Maybe that is why they did not want to fill the prescription for the third medicine, which was also a pain medicine. However, this medicine does not come in pill form. Rather it is a patch. (It is sort of like the patches for people who try to stop smoking.) The patch is suppose to be good for 72 hours and is a slow release of pain medicine. I suppose people can abuse these patches too by applying multiple patches on themselves at one time. Anyway, they said they did not have any. So I asked the natural question, ‘Can you check any of your other local stores to see if they have it?’ I was told, ‘No.’
Now while I have no proof other than the word of a very close pharmacist, that such a reaction is common when a pharmacist does not want to fill a prescription. The secret is that a pharmacist does not have to fill every prescription submitted to them. If they have any doubts about the interaction of a set of medicines, they can turn down the prescription. If they feel someone might be abusing the drug in question, they can turn down the prescription. In fact, if they do not turn down a prescription that for either of these two reasons, they could get into trouble and could lose their license to practice.
Unfortunately, there are rings of drug abusers who get prescription scripts for pain medicine from real or even questionable doctors, especially doctors from out of state or questionable pain clinics and try to get pharmacies to fill them. Often one or two will try a series of pharmacies in an area and if they get the prescription, they report back to their buddies in the ring and soon the pharmacy is getting dozens of prescriptions for the same pain medicine from the same doctor or clinic. The real tip-off is when the doctor or clinic is from of state and each person claims that they are in the area on vacation and ran out of their pain medicine.
If the pharmacy gets into trouble for filling these dubious prescriptions, the pharmacy immediately throws the pharmacist under the bus and the pharmacist loses, not just their license, but their job. So is it any wonder that pharmacists will error on the side of caution? However, in my case, the script was not from a pain clinic or a doctor from out of state, it was from the local hospital.

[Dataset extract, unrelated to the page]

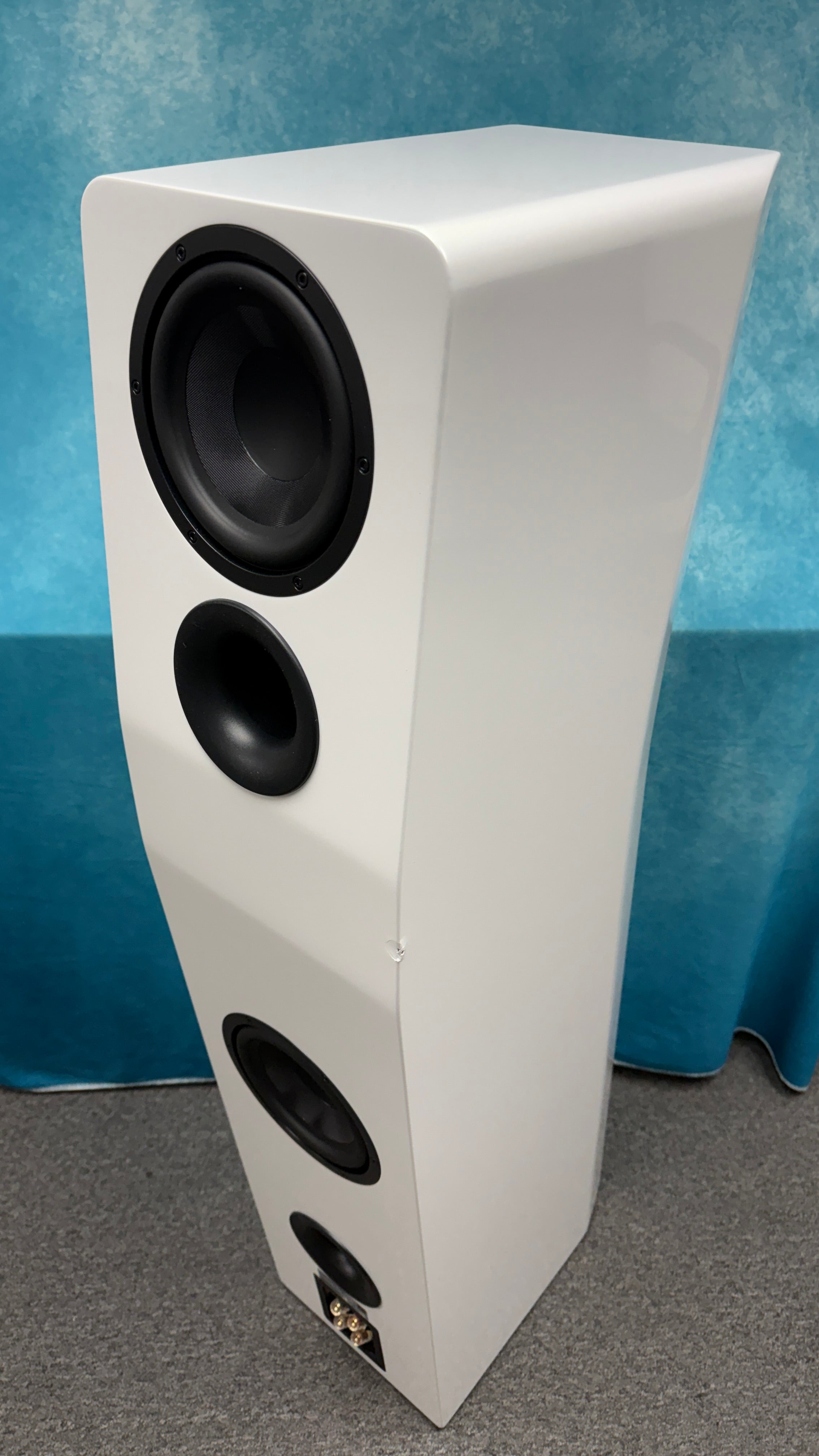- Curved front baffle aligns the sonic emanation point of all drivers on a vertical plane ensuring sound from each driver reaches your ears at the exact same instant.

So I heard that Walgreen’s was not accepting Express Scripts again so I went there. They said they had the drug I needed, but that even though they were now accepting Express Scripts again, they were not accepting Express Scripts from our organization.
Finally, I was able to get the prescription filled at a local food store surprisingly enough.
The problem is this. Why go after the pharmacist in these cases? Why not go after the doctor prescribing these pain medicines if the doctor or clinic is not legit? Can doctors from hospitals for example apply a seal to their script (sort of like a notary) to validate the script so that the pharmacist knows they can trust it? Apparently, the fact that the script was on hospital paper may not be enough. Without this type of system people in real pain cannot get the medicines they need and people who just want to get high by abusing pain medicines will have a more difficult time getting these drugs. It would seem like a simple way to validate legitimate scripts and would make our health care system a little more efficient. Second, this game about who accepts and who does not accept your insurance coverage has to stop. A caregiver does not have time to run around town looking for a pharmacy that will accept the script while the person they are suppose to be home caring for alone and in pain.